Senator of the Philippines from the 12th District
- In office 5 June 1934 – 16 September 1935 Serving with Juan Gaerlan
- Appointed by: Frank Murphy
- Preceded by: Jamalul Kiram II
- Succeeded by: Office abolished

Member of the National Assembly from Cotabato's Lone District
- In office September 16, 1935 – December 30, 1938
- Preceded by: District established
- Succeeded by: Ugalingan Piang

Personal details
- Born: 1864
- Died: 1949 (aged 84–85)
- Party: Nacionalista

= Datu Sinsuat Balabaran =

Datu Sinsuat Balabaran (1864–1949) was a Filipino politician who was one of the earliest Muslim Filipino figures in national politics.

==Early life==
Little is known about the exact details of Datu Sinsuat’s early life. He was born in 1864 and his father was Datu Balabaran, a member of a Cotabato family in the Sultanate of Maguindanao whose members included his uncle, Datu Ayunan, who bestowed upon Datu Balabaran the title of gobernadorcillo del delta (petty governor of the delta) [referring to the Rio Grande de Mindanao, which was in turn conferred on Ayunan by the Spanish for supporting them.
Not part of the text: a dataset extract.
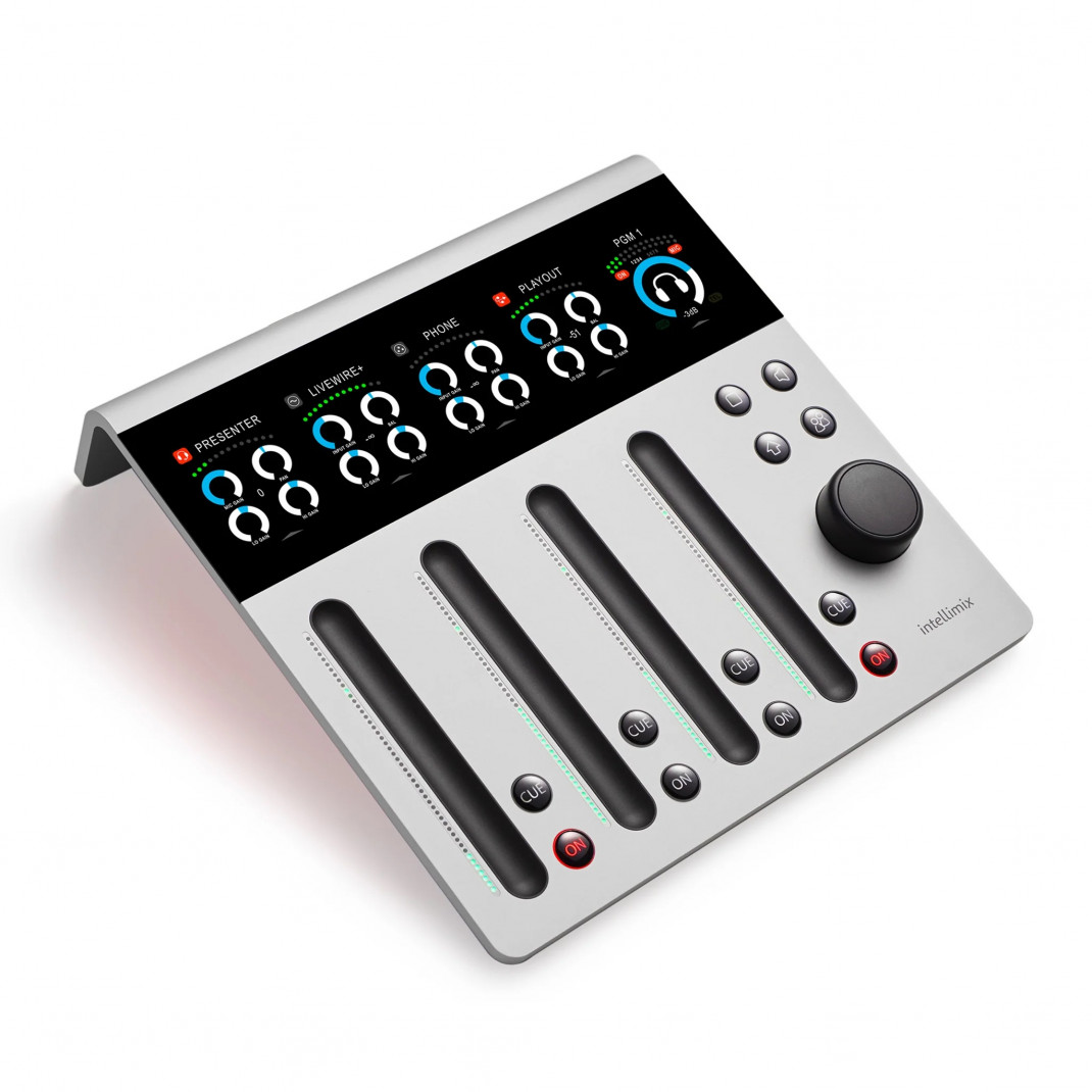 Intellimix PRO - 4 Fader Digital Desktop Mixer with G-Touch faders and His-Res TFT screen. Base unit with 3 XLR mic/line inputs, 2 XLR line inputs, 2 RCA line inputs, 3 AES iI/O's, 4 XLR line outputs, ADAT, DANTE, GPIO's

Sinsuat's official biography states that as a boy he was adopted by the prominent Maguindanaon leader Datu Piang and that as a young man he served as a delegate of the Spanish Military Governor. During the American occupation, he was appointed municipal district president of Dinaig in 1916. From 1923 to 1931 he served as special adviser to the Governor of Cotabato. During this time, he was able to improve his political and social standing through close cooperation with colonial authorities, strategically matching his heirs with other prominent families, amassing agricultural estates and earnings from traditional sources of revenues for datus.

==Senate==
Sinsuat was appointed in 1934 by Governor-General Frank Murphy to the Philippine Senate as a 12th Senatorial District representing the non-Christian majority provinces of the Cordilleras and Mindanao until the abolition of the chamber in 1935. As the first datu to develop considerable political connections at the national level, his appointment to the position was credited to his acquaintance with Senate President Manuel L. Quezon.

==Family==
Several of Sinsuat's relatives and descendants became politicians in their own right, holding positions in Cotabato City, Cotabato Province and in Maguindanao.